Positive female specimens were molecularly typed based on the cytochrome b method. Amplicons were generated by PCR using (5′-CAT/CATTCAA CCA/TGAATGATA-3′) and N1N-PDR (5′-GGTAC/TA/TTTGCCTCGAT/ATTCG T/ATATGA-3′) primers [16]. PCR products were purified and cycle-sequenced as described previously. DNA sequences from both strands were aligned and edited using Staden software package (http://staden.sourceforge.net/). MEGA version 7 software (www.megasoftware.net) was used to conduct multiple sequence alignments (ClustalW option) and to construct phylogenic tree. Sequences were aligned with Phlebotomus perniciosus sequences already obtained from Tunisia and other countries [17–19]. Neighbor Joining (NJ) tree was performed using the Kimura 2 parameters model with homologous sequences from Phlebotomus longicuspis as the least ambiguous out-group. Statistical support for tree distances was evaluated using bootstrapping (2000 replicates).

Statistical analysis

Statistical analysis was done using the MedCalc Statistical software (version 11.4.4.0). The t-test was used to compare mean sandfly densities. Chi-squared test was used for comparison of proportions. A test was considered significant if p-value was less than 0.05.

Results

Sandfly fauna and seasonal dynamics of male specimens

In one year period, overall 4,441 specimens (2230 males and 2211 females) were collected. Sandfly activity started in end-April and ended in early-November with a mean density of 278 sandflies by CDC night in the active season. Throughout this period mean density in AS (504 ± 460 sandflies / CDC night) was significantly higher than IH (51 ± 50 sandflies / CDC night) (p<0.05). Furthermore, sex-ratio of IH sandflies (0.79) was different from sex-ratio of AS specimens (1.03) with a significant higher proportion of females in house than in animal shelters (58.4% versus 49.2%, p = 0.0001) (S1 Table).

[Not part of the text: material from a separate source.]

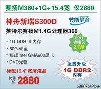 随着神舟电脑2008寒促新品策略发布会的顺利举行,2999元笔记本的攻势已是铺天盖地,掀起城中热话。台式机方面也不落人后,免费升级、促销降价和新品上市一个也没有少,不论新瑞还是新梦系列,2880元起就能买到,带你享受比组装机更好更便宜的新境界。 素有“节能静音之王”称号的新瑞系列台机一直拥有良好的口碑,整机深黑的外观简洁大方,性能配置也堪称主流,从本周开始S300D和D400还齐齐免
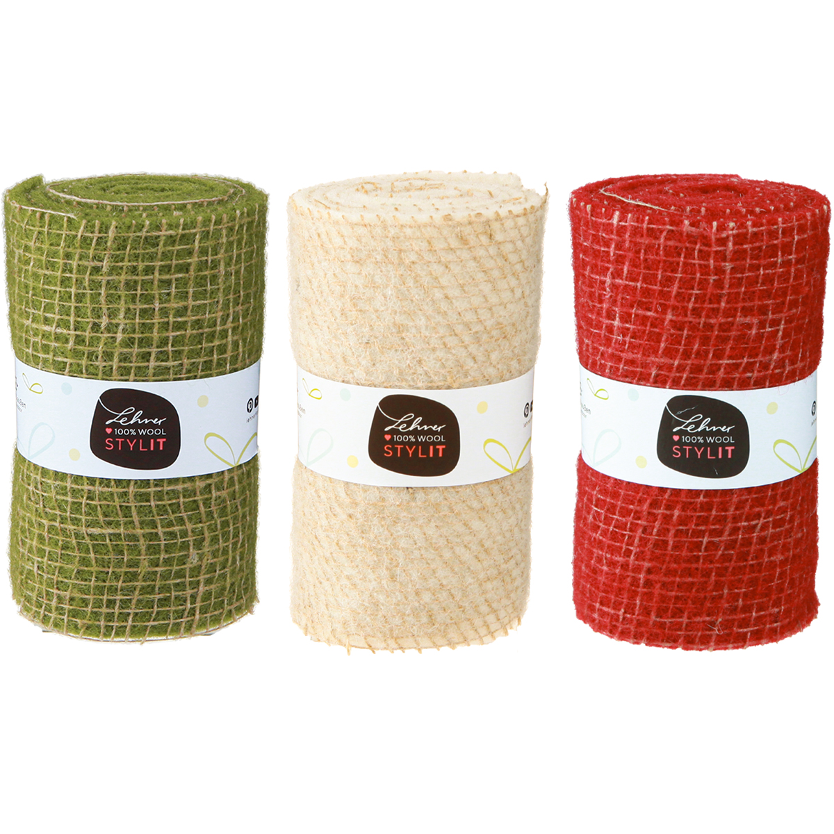 A jutarácsos filcszalag egyedi, kézzel készített megjelenésével lenyűgöz, és igazi fénypont a dekoráció szerelmeseinek. A színes gyapjúszalag és a természetes jutaháló harmonikus kombinációja meleg, hívogató hangulatot kölcsönöz otthonának vagy rendezvényének. A fehér filcszalagnak különösen őszi hangulata van. A fenti világosbarna jutarács meleg bézsre sötétíti. A vörös, mohazöld és bézs különböző színkombinációinak köszönhetően a filcből és jutából készült dekoratív szalagok tökéletesen illeszkednek egy vidéki házba vagy a kopott sikkes stílusba, és csodálatosan kombinálhatók rusztikus vagy natúr otthoni kiegészítőkkel.

Based on species identification of male specimens, P. perniciosus was the dominant species corresponding to 56% of the whole male sandfly fauna (S1 Table). It was significantly more abundant than other Phlebotominae species namely P. papatasi (32,8%), Sergentomyia fallax (3,3%), Sergentomyia minuta (2,7%), P. longicuspis (2,6%), P. antennata (2.2%) and P. perfiliewi (0.3%) (p<0.0001).

Seasonal density patterns of male specimens were reported in Fig 3. The whole male sandfly fauna as well as the male P. perniciosus population showed 2 peaks: a sharp one in early May and a higher long lasting one from end-July to end-September (Fig 3).

Leishmania infection in phlebotomine sandfly female specimens

From end-June to end-October, 1715 female specimens (208 from IH and 1507 from AS) were collected and stored individually. According to the period of capture, a dozen to thirty specimens from each monthly IH and AS collection were randomly sampled for DNA extraction (Table 1).

Table 1. Leishmania infection in phlebotomine female specimens.

	Number of female specimens caught in house			Number female specimens caught in animal shelters
	Number of collected specimens	Number of DNA extraction	Number of positive ITS1 PCR (infection rate)	Number of collected specimens	Number of DNA extraction	Number of positive ITS1 PCR (infection rate)
June 26th	47	23	5 (21.7%)	183	12	1 (8.3%)
July 24th	20	8	1 (12.5%)	349	12	1 (8.3%)
August 21th	33	33	6 (18.2%)	199	30	5 (16.6%)
September 28th	101	25	5 (20%)	713	20	0 (0%)
October 30th	7	7	0 (0%)	63	20	0 (0%)
Total	208	96	17 (17.7%)	1507	94	7 (7.4%)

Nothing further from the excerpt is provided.